• WHAT YOU HAVE TO DO
For this exercise, return exactly the lines of the material below that begin at the one with "el efecto wow." and stop after the one with "Modieuze Kingsland hoodie".

• DATA FOR ANALYSIS
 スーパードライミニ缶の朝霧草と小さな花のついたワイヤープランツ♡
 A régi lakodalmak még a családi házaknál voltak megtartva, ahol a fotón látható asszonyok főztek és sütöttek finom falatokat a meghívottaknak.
--
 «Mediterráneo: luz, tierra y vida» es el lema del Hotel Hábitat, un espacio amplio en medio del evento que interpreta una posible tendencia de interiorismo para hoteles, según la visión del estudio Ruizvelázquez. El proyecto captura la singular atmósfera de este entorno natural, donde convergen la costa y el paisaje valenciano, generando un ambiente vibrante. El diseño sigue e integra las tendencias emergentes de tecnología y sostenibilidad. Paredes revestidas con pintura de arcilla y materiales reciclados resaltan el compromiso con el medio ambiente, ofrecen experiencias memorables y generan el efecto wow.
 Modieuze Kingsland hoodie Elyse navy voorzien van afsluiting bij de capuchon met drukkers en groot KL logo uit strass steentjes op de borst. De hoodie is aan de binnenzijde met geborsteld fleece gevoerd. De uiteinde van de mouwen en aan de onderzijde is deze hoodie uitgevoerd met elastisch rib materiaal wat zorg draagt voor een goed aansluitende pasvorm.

• EXERCISE RESULT
 «Mediterráneo: luz, tierra y vida» es el lema del Hotel Hábitat, un espacio amplio en medio del evento que interpreta una posible tendencia de interiorismo para hoteles, según la visión del estudio Ruizvelázquez. El proyecto captura la singular atmósfera de este entorno natural, donde convergen la costa y el paisaje valenciano, generando un ambiente vibrante. El diseño sigue e integra las tendencias emergentes de tecnología y sostenibilidad. Paredes revestidas con pintura de arcilla y materiales reciclados resaltan el compromiso con el medio ambiente, ofrecen experiencias memorables y generan el efecto wow.
 Modieuze Kingsland hoodie Elyse navy voorzien van afsluiting bij de capuchon met drukkers en groot KL logo uit strass steentjes op de borst. De hoodie is aan de binnenzijde met geborsteld fleece gevoerd. De uiteinde van de mouwen en aan de onderzijde is deze hoodie uitgevoerd met elastisch rib materiaal wat zorg draagt voor een goed aansluitende pasvorm.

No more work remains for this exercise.